The Evening Brief: June 11, 2012
Your evening reading: Dewhurst hits Cruz again over patent case; pro-Obama Super PAC launches ad blitz targeting Hispanics; state prepping for voter ID court battle
New in The Texas Tribune:
- Dewhurst Again Slams Cruz Over Lawsuit Involving Chinese Firm: "David Dewhurst again criticized U.S. Senate runoff rival Ted Cruz’s involvement in a patent case — pitting a Chinese company against a U.S. inventor — saying Monday that 'this is a terrific insight into the character of Mr. Cruz.'"
- Texas Gets Creative With Plans for Recycling Water: "Later this year, a plant in Big Spring will become the state's first facility to process wastewater and send it back into the drinking water system.
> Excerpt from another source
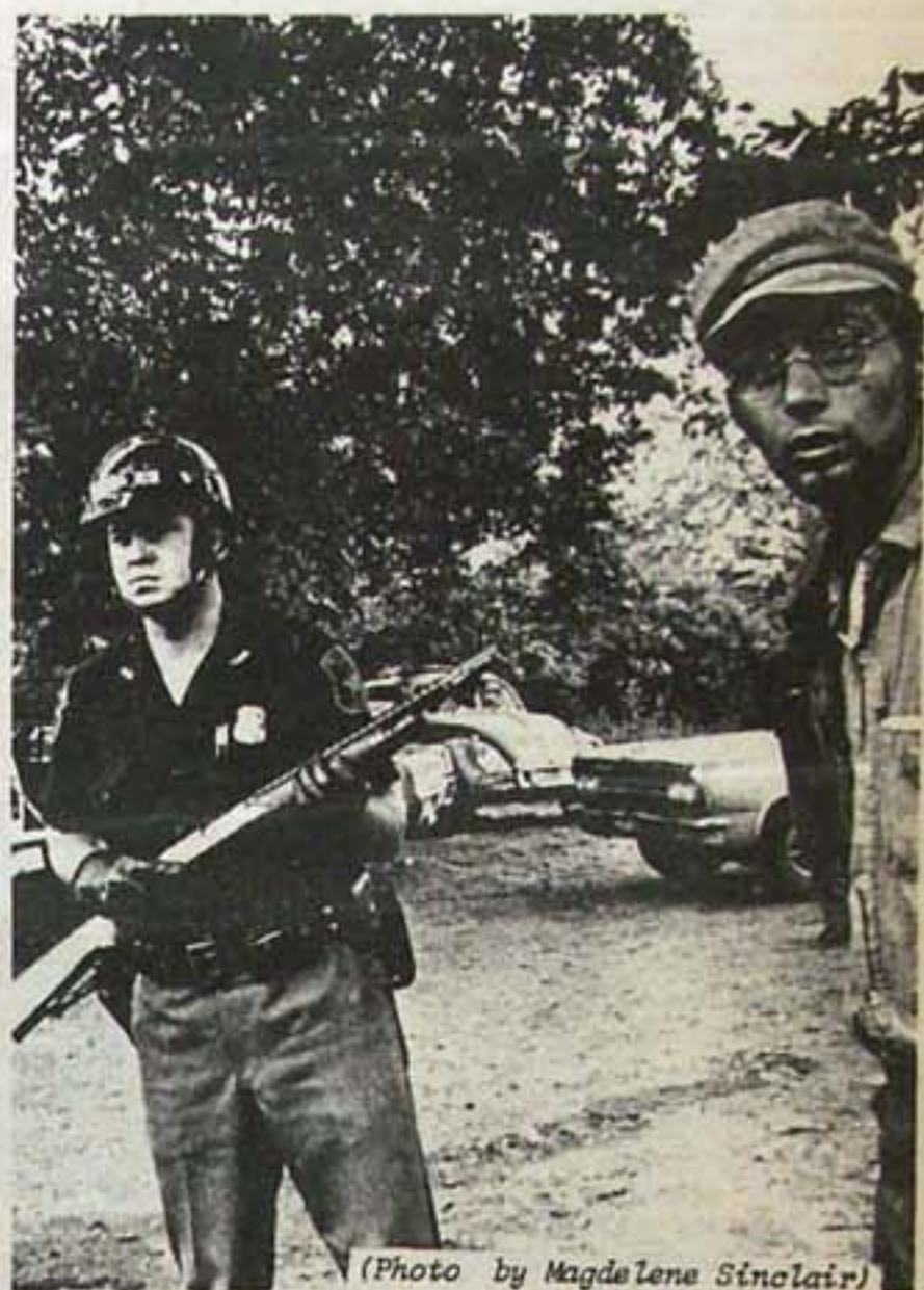
Porky Pig Guards Dangerous Hippy

STRAIGHT: Have you ever been busted for any-

This is the ultimate use of 'reclaimed water' — a source crucial to Texas' future."
- With a Runoff, Dynamics Change in Senate Race: "So much for sure things: David Dewhurst was expected to walk away with the Republican nomination for U.S. Senate, even in a field of nine candidates. Now he's in a runoff — and it's been a good year for insurgents like opponent Ted Cruz."
- For TxDOT, a $2 Billion "Perception Problem": "The Texas Department of Transportation announced this year that it had an extra $2 billion in funding. And that could hurt the agency's attempts at getting extra funding next session."
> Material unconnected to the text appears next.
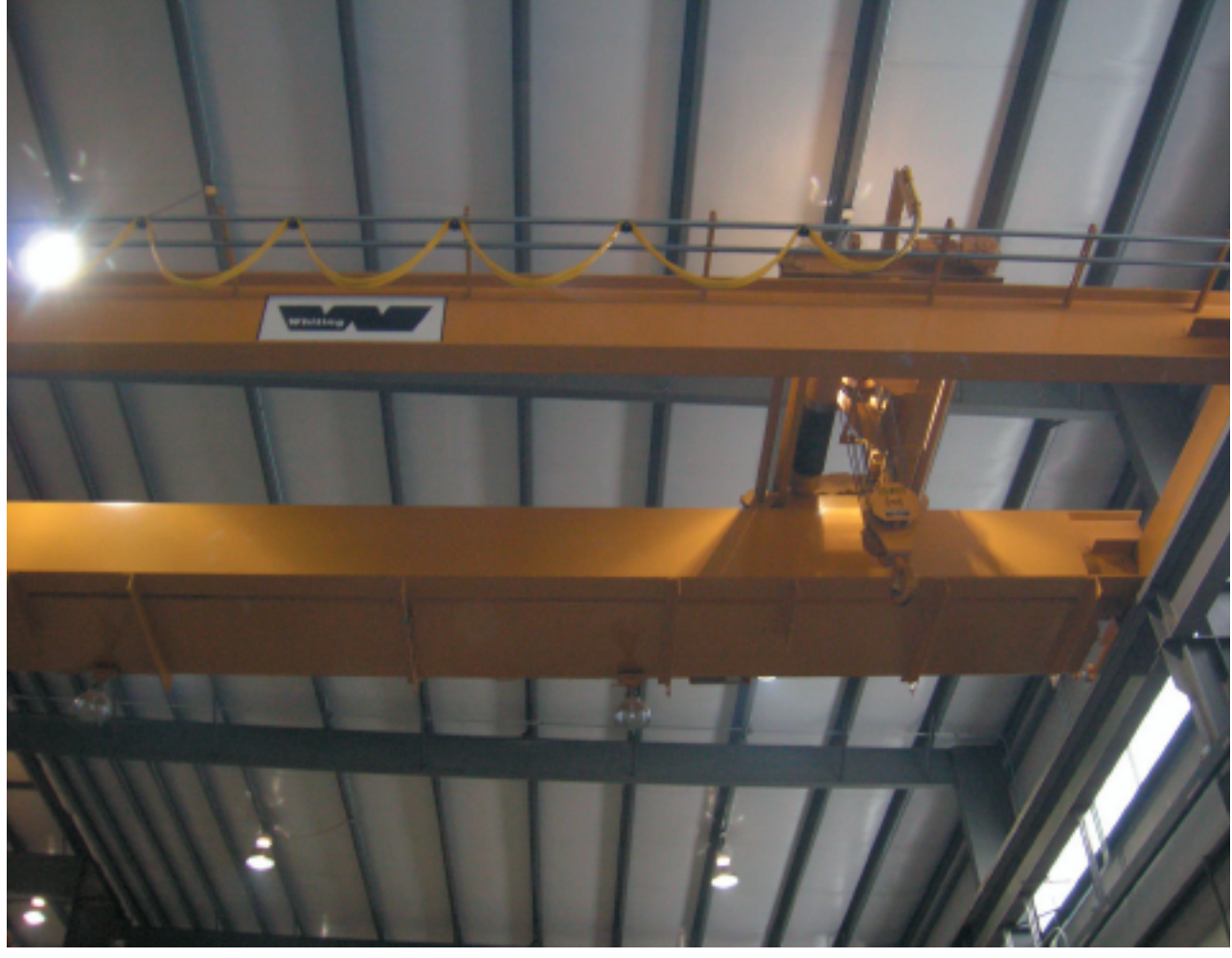
Whiting's overhead crane manufacturing plant.

- Hispanic voters targeted in new ad blitz for Obama (The Associated Press): "One of the nation's largest unions and a Democratic super PAC supporting President Barack Obama launched a joint $4 million Spanish-language advertising campaign on Monday, targeting Hispanic voters. The ads, sponsored by the Service Employees International Union and Priorities USA Action, argue that Republican presidential candidate Mitt Romney's policies would benefit the wealthiest Americans at the expense of Hispanics and other working families."
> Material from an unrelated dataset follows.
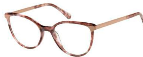
KAROLINA - 172
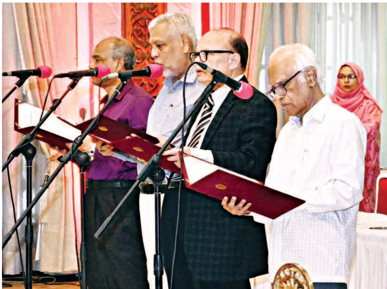
Four new advisers to the interim government take oath of office at the Bangabhaban's Darbar Hall yesterday. President Mohammed Shahabuddin, not in picture, administered the oath.

- Texas prepares for court over voter ID law (San Antonio Express-News): "Texas is preparing for a legal showdown next month in federal court over a new voter photo ID law passed by the Legislature. … Despite legal maneuvering by Texas and Justice Department lawyers, a three-judge U.S. District Court panel has cleared the docket for a July 9 trial. And it remains questionable whether the new law can be implemented in Texas by the November general election."